За пару недель капитан успевал управиться со всеми накопившимися за  время его отсутствия домашними делами и, теоретически, он был уже свободен...  Но, как бы ни так, однако! Жена его — работающая кладовщицей постоянно названивает домой: то  сходи, мол, в  магазин, то что-то достань, то к тому-то забеги и о том-то  договорись...  С ума сойти! Поначалу терпелось, но потом стал постепенно  раскаляться, закипать:

- Капитан я, или не капитан?! Чтоб какая-то баба…, пусть даже и  собственная жена, мною командовала!

И потянуло его на «казацкую вольницу». Так вот и оказался здесь.

У «Молодого капитана» была совсем иная история. В те давние времена  всеобщего дефицита, на факториях появлялся ещё порой такой товар, которого  вряд ли сыщешь и в столице. Вот за этими сполохами дефицита и отправила  жена своего суженного на самый край света.

Так, по совершенно несходным обстоятельствам, нисколько не похожих друг на друга людей, собрала судьба-злодейка под общей крышей. Поначалу, правда, всё складывалось, как нельзя лучше. Им сразу же открыли кредит на питательное довольствие, куда входили также и выпивка и курево. 
 
Крыша над головой, питательная еда, настоящая мужская работа на свежем  воздухе...  Казалось бы, чего проще — грузи себе самолёты мёрзлыми оленьими  тушами и шкурами. А вечером после трудов праведных, как и полагается, по  стопарику под щедрый закус, и на боковую. И ни каких тебе, ни забот, ни проблем! Не жизнь — малина!
   
Так бы оно и было. Но вот, как-то улетел факторщик за очередной партией  товара, намеревался он, правда, вернуться на следующий же  день, однако,  задуло. Работяги, по такому случаю, хотели было маленько передохнуть, да только — куда там?! Деспотичную власть над работниками захватила сожительница факторщика, сущая ведьма, капризная ну, просто — страсть! И упиваясь  представившейся возможностью, вознамерилась покуражиться над ними «на  полную катушку».

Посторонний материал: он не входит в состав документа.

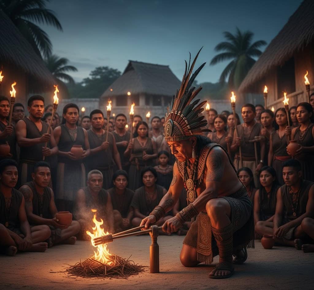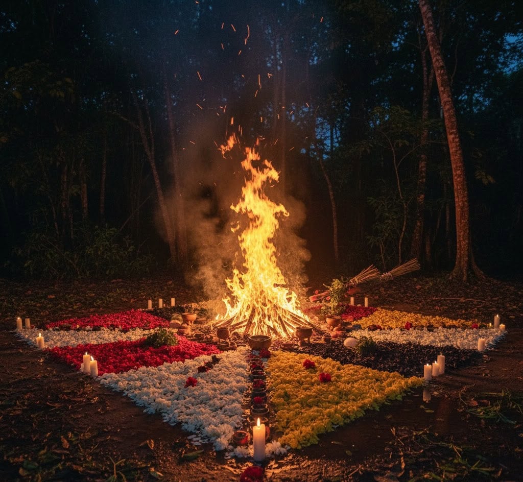 Fire was a living spirit in Mayan belief, a messenger between worlds. During the Fire Ceremony, priests would build sacred fires surrounded by colored candles or flowers representing the four cardinal directions.
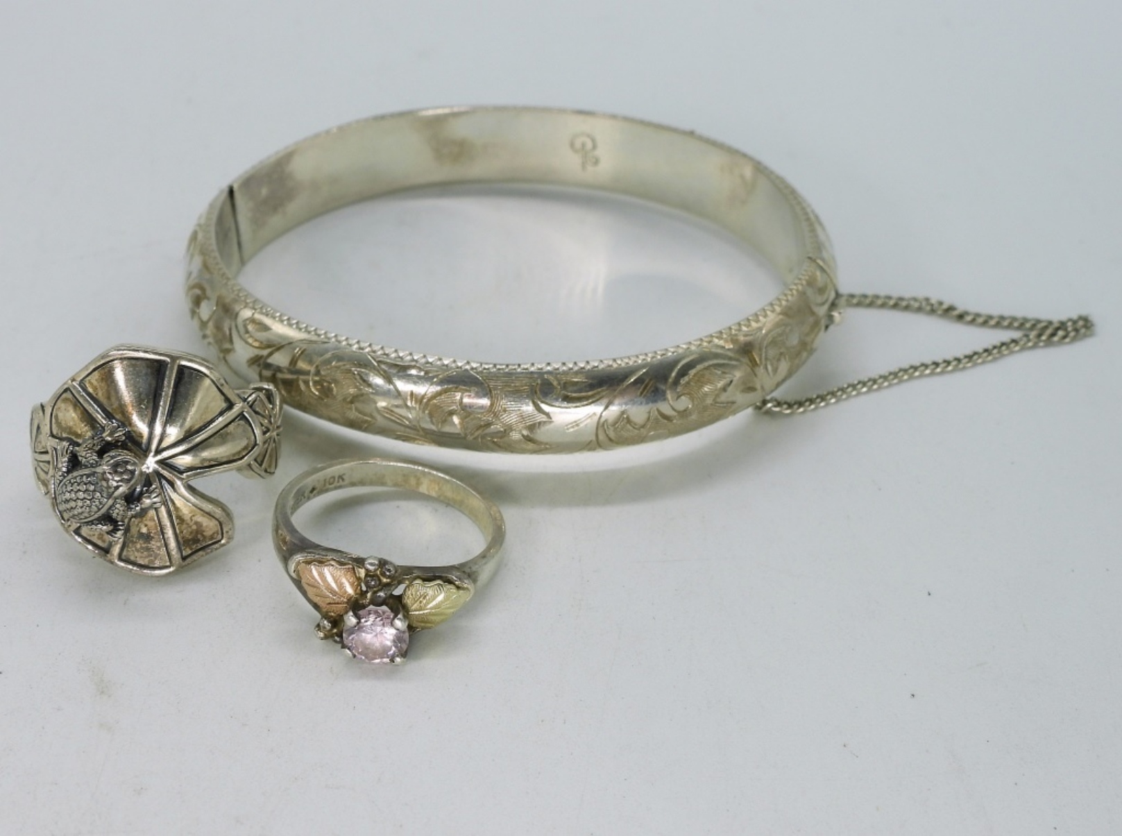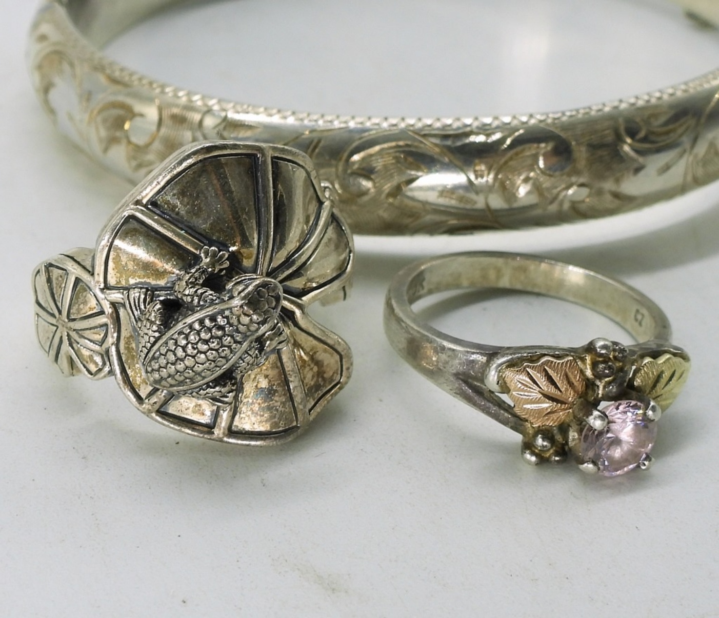 KC Studio 2011, Barry Kieselstein Frog on Lilypad ring, size 6. Hinged etched sterling bracelet and pink gemstone 925 / 10k ring, size 6. (17.9 dwt)

Чуть забрезжило утро, а новоиспечённая хозяйка гонит на работу. А надо  сказать, что оленьи туши хранились на складе, а вот мёрзлые оленьи шкуры, такте штабелями были сложены рядом с ним во дворе. Ночью их, естественно,  замело снегом.
   
Хозяйка же велит откапывать шкуры. Ей объясняют, что, мол, в такую  метель самолёт не прилетит...  У неё же — по замку на оба уха, и слушать  ничего ни чего не желает. Копайте, и всё тут!
 
Скрипя зубами и кроя про себя ненавистную стерву и «в хвост, и в гриву»,  работяги брались за лопаты, во вьюгу-то...  Шкуры, естественно, тут же незамедлительно заносило вновь. Так, проклиная, свалившуюся на их несчастную голову ведьму-работодательницу, и вершили они свой «сизифов  труд» два дня подряд, еле приволакивая ноги под вечер в барак — ни живы, ни мертвы…  А борт, естественно, ни в этот, ни на следующий день, так и не  прилетел. Метель же только усиливалась ото дня ко дню, и казалось, не будет ей ни конца, ни края.
 
На третье утро, когда злыдня вновь приступила к ним с требованием снова  начинать эту мороку, капитаны взбунтовались, и наотрез отказались выполнять дурную работу. Николай и Андрей примкнули к бастующим. 

- Ах, так, — с пеной у рта завопила стерва, — лишаю вас довольствия! Кормить дармоедов не стану!

Так началась вынужденная голодовка на этом, затерянном среди бескрайних  снегов Ямала зимовье, четвёрки бунтарей, оказавшихся, по сути дела, в рабском положении в наше-то цивилизованное время. Наш же паёк, чтобы мы не  вздумали поддерживать бастующих, хозяйка урезала до минимума, и те крохи,  что удавалось уделить голодающим, конечно же, не могли их насытить.

- Экий же я был дурак, — укорял себя «Старый капитан», —  отказался выполнять просьбы собственной жены, чтобы теперь попасть в кабалу чужой  взбалмошной бабе.

- Вот тебе и дефициты! – ворчал «Молодой капитан» и крепко ругался при этом.

Андрей же заметно спал лицом, от его прежней упитанности и следа не осталось и казалось, будто бы он окончательно онемел. И только Николай, по-прежнему, не падал духом, и использовал любую возможность, чтобы, ну, хоть как то раздобыть пропитание.

Порой выручали подъезжающие со шкурами и мясом ненцы. Получив за свой товар продукты, они заходили в барак, чтобы перекусить в тепле и, конечно же, непременно выпить перед дальней дорогой. Николай услужливо шестерил перед ними и услуживал им, а те приглашали его к столу.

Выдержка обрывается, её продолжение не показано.